I made a sculptural gremlin (with bunny ears – could do with a redesign!) with a clear core. It is opaque enough not to have the teeth show through the lips, which is a disconcerting look when it happens. The striations are easiest to see on the body, which is worked longest, but there are also a couple of larger dark areas on the ears.
I did a little silver glass testing. First is a bead with a clear core, encased in Velveteen, with a stripe of Double Helix boreas. This was reduced (oxy down) and encased. There’s some darker brown fuming and the boreas is a lovely bright iridescent purple with some mottling.
The second silver glass bead has okeanos instead, again reduced. It has ended up with a variety of colours, from yellow-green to light turquoise to deep blue, again with interior mottling. The stripe has remained thin and not expanded. In the centre of the bead, there is a pronounced dark line at the edge of the silver glass, bordered with a light greenish and the deep blue pushed into the centre of the stripe.
Toto
Toto is a soft milky brown with a touch of grey. My spacers came out a uniform colour. The etched pair look softer and lighter.
This pair of rounds have cores of 006 clear encased in Toto. One has a wrap of silvered ivory stringer which has spread and fuzzed at the edges. The surface has some darker grey areas. The second bead has two wraps of fine silver wire around the centre, melted in. It has fumed a dark brown line where the silver has melted in.
My sculptural gremlin is a fairly uniform colour on the front – it has some of the darker grey visible on the back and the soles of the feet, which are cooled swiftly when I flatten them.

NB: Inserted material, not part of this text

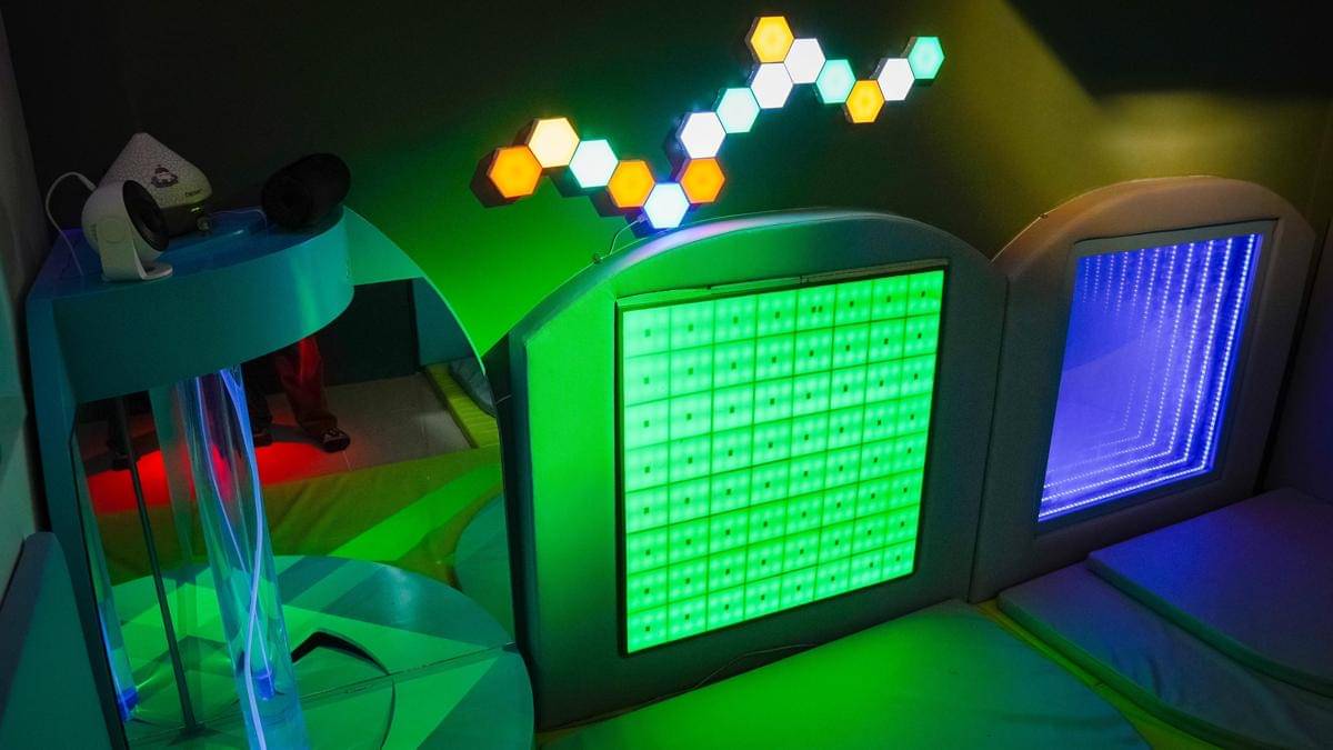 Ruang Snoezelen: Ruang terapi sensori berbasis cahaya, suara, dan aroma untuk relaksasi anak.

Silver glass beads: core of clear, encased in Toto, spiral of silver glass which is reduced and encased in clear. The first bead uses boreas, which has not come out well – it is mostly a greenish brown with only the slightest patch of iridescent purple. The base is visible as a dark brown next to the boreas. The okeanos came out much better and has struck to blue-purples with green at the ends. The Toto shows through as a warmer brown with separation lines where it meets the okeanos.
Allspice
Allspice is a fairly dark amber brown opalino. Used on its own, the spacers are a lovely warm and deep colour. The etched spacers have a nice inner glow.
The pair of rounds with cores of 006 clear and surface decoration have a wrap of silvered ivory stringer and a couple of wraps of fine silver wire. The SIS has not spread much and has sharply defined edges. The silver has a small dark outline immediately adjacent. These beads both have some mottling in the surface of the Allspice. (So do the spacers a little, but it isn’t so evident to the naked eye).
In my sculptural gremlin, the Allspice is just thick enough for the white of the teeth not to show through. There is only visible surface mottling on the back.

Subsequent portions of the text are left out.